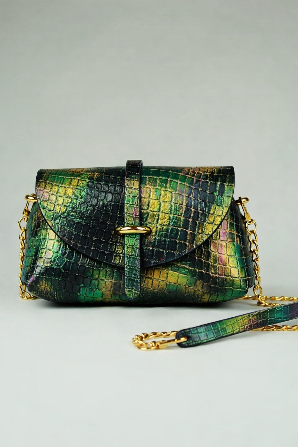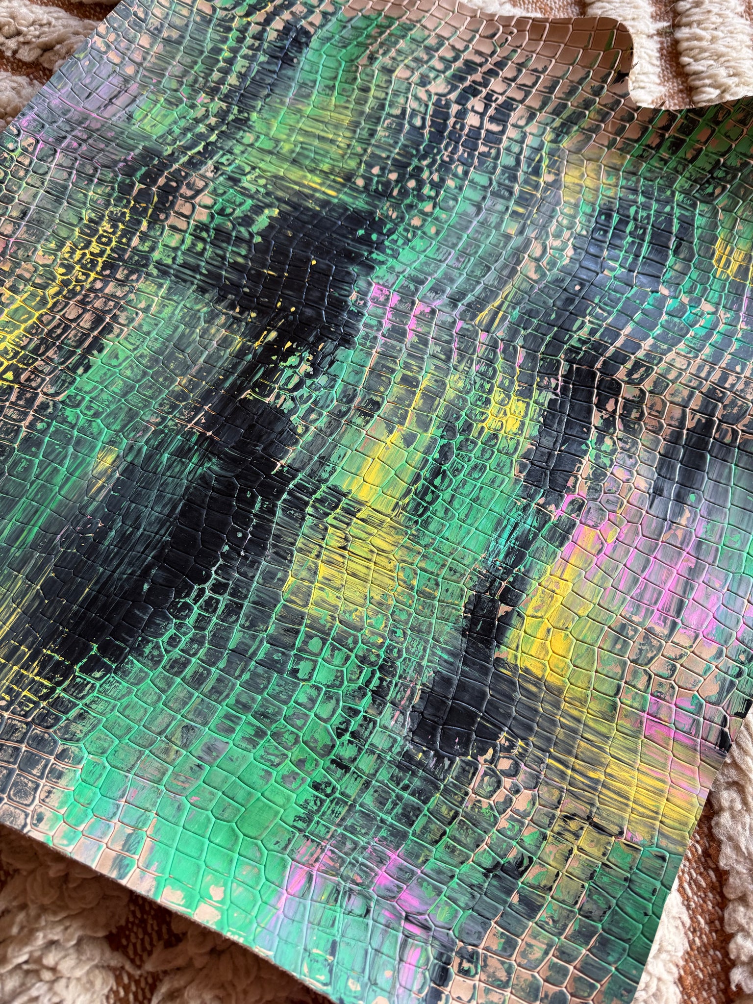 En cuir croco fond noir , entièrement peint à la main
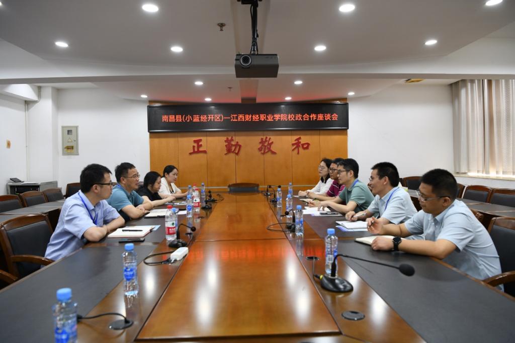 招聘會期間,學校與南昌縣(小藍經開區)舉行校政合作座談會,雙方就人才培養、畢業生就業、產教融合等工作展開交流討論。大家共同表示,要進一步加強“校政企”三方合作,強化優勢互補,努力構建校政企合作育人、合作就業、合作發展的新機制,促進畢業生高質量充分就業,為地方社會經濟發展提供智力支持。
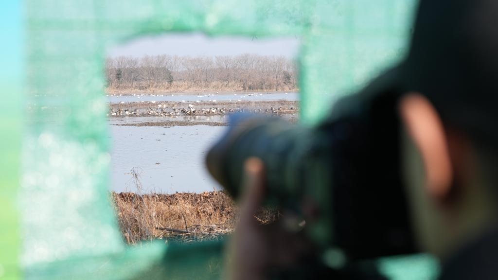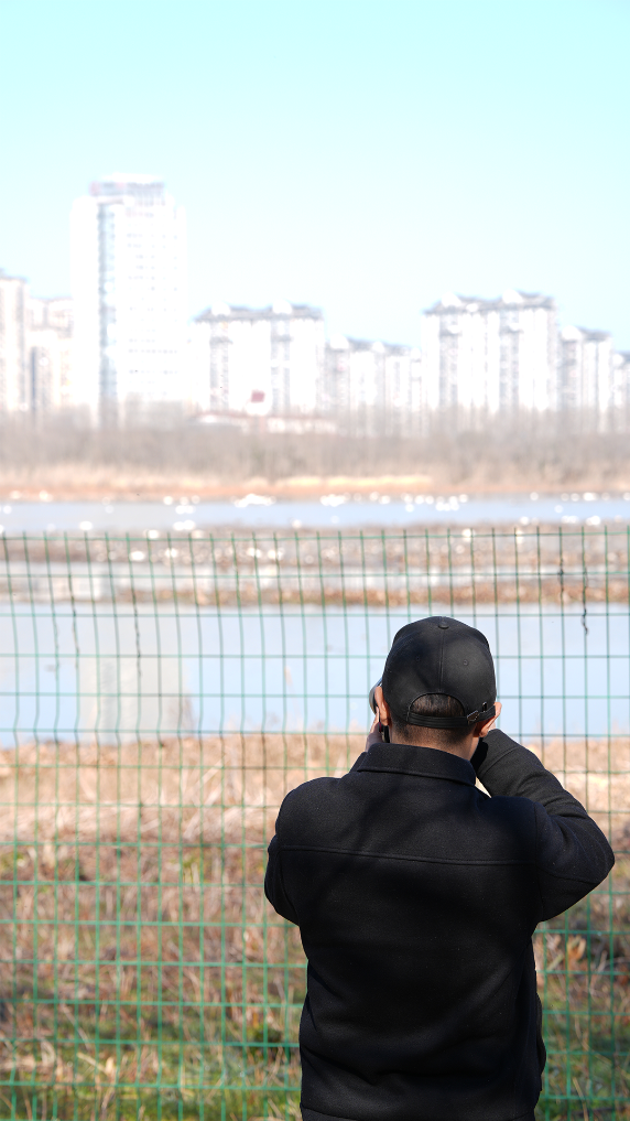 2026年1月7日,饶颐在安徽省池州市平天湖风景区拍摄候鸟。新华社记者 胡锐 摄
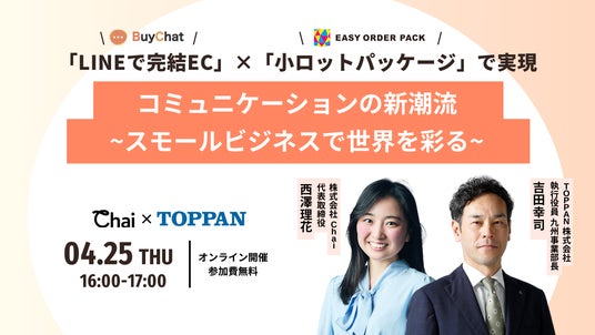株式会社Chai(東京都渋谷区、代表取締役社長:西澤理花)は「商品販売におけるコミュニケーション」をテーマにTOPPAN株式会社をお招きし、4/25(木)に無料オンラインセミナーを開催いたします。

Work required: Each line of the material above should be set down exactly, with no pictures.

Response:
 En cuir croco fond noir , entièrement peint à la main
 招聘會期間,學校與南昌縣(小藍經開區)舉行校政合作座談會,雙方就人才培養、畢業生就業、產教融合等工作展開交流討論。大家共同表示,要進一步加強“校政企”三方合作,強化優勢互補,努力構建校政企合作育人、合作就業、合作發展的新機制,促進畢業生高質量充分就業,為地方社會經濟發展提供智力支持。
 2026年1月7日,饶颐在安徽省池州市平天湖风景区拍摄候鸟。新华社记者 胡锐 摄
株式会社Chai(東京都渋谷区、代表取締役社長:西澤理花)は「商品販売におけるコミュニケーション」をテーマにTOPPAN株式会社をお招きし、4/25(木)に無料オンラインセミナーを開催いたします。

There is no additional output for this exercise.